На "процессе 193-х", одном из крупнейших процессов семидесятых годов, прокурор Желеховский заявил в своей обвинительной речи, что из всего числа подсудимых заслуживают наказания не более двадцати человек. Тем не менее за время предварительного следствия по этому делу, тянувшегося четыре года, покончили жизнь самоубийством и сошли с ума семьдесят три человека из ста девяноста трех. Это означает, что в четыре раза больше заключенных, чем сам прокурор считал заслуживающими наказания, умерли медленной смертью или их постигла судьба страшнее, чем смерть.
Более того, в число ста девяноста трех входили не все, кто были схвачены полицией и привлечены к суду.

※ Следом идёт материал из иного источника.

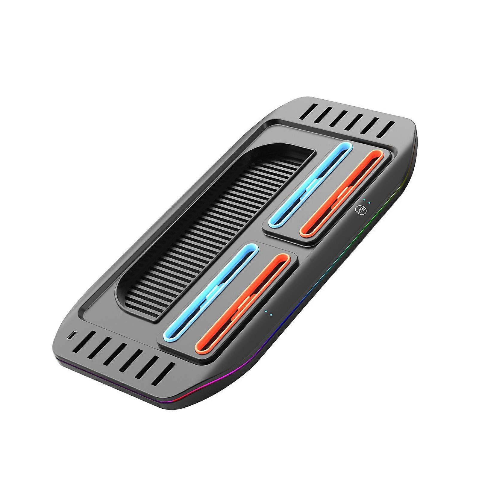 Features: This is a multifunctional charging base used in conjunction with original base, magnetic design. With 4 charging slots and supports charging 1-4pcs controllers for NS2 simultaneously, with charging indication light. Equipped with Type C port, supporting original base to provide power input for the product. With touchable switching button, 9 adjustable lighting effects. Equipped with 12 game card storage slots for easy storage and use of game cards. Specifications: Component: ABS plastic Size: approx. 32x16cm/12.6x6.3inch Applicable Model: for ns2 Game Console Input: DC5V Single handle charging current: 200mA Charging time: about 2.5-3.5 hours Package Includes: 1 Piece Charging Dock 1 Piece USB Cable note: It is recommended to disconnection the power supply after the host goes into sleep mode. If the power is connection during sleep mode, the light may flashing briefly, and without time pattern for the light to flashing once! Other accessories demoed in the pictures is not included. Please allow 1-2cm errors due to manual measurement. Please allow for slight color differences due to different display resolution.

Людей, арестованных и брошенных в тюрьму в связи с этим делом, было по крайней мере в семь раз больше - их число достигло тысячи четырехсот человек. Из них семьсот пришлось освободить, продержав их в заключении от нескольких недель до нескольких месяцев. Остальных семьсот арестованных держали за решеткой сроком от одною до четырех лет, а потом они предстали перед судом - одни в качестве подсудимых, другие в качестве свидетелей. Последних, разумеется, было большинство. Особое присутствие Сената, где слушалось "дело 193-х", вынесло приговоры в двух вариантах: одни, условные, были чрезвычайно жестокие, другие, настоящие, были более мягкие, и их в форме ходатайства о помиловании представили императору на одобрение и утверждение. Один из подсудимых был приговорен к каторжным работам, двадцать четыре - к ссылке в Сибирь, пятнадцать - к административной ссылке, и сто пятьдесят три оправданы. Я называю эти приговоры настоящими потому, что ходатайство о помиловании, особенно если оно исходит от Сената, состоящего из высших судей, как правило, не отклоняется императором. Но в этот раз Александр оказался безжалостнее своих судей. Он отменил приговоры собственного Сената и приказал, чтобы условные приговоры, вынесенные Особым присутствием в уверенности, что они не будут проведены в жизнь, были исполнены со всей беспощадностью. Двадцать восемь подсудимых были приговорены к различным срокам каторги, а остальные - к ссылке в Сибирь и в отдаленные губернии России*.
______________
* Не считая тех семисот арестованных, которые были освобождены в течение первого года, а также двадцати человек, приговоренных к пребыванию под полицейским надзором, и людей, высланных полицией впоследствии. (Примеч. Степняка-Кравчинского.)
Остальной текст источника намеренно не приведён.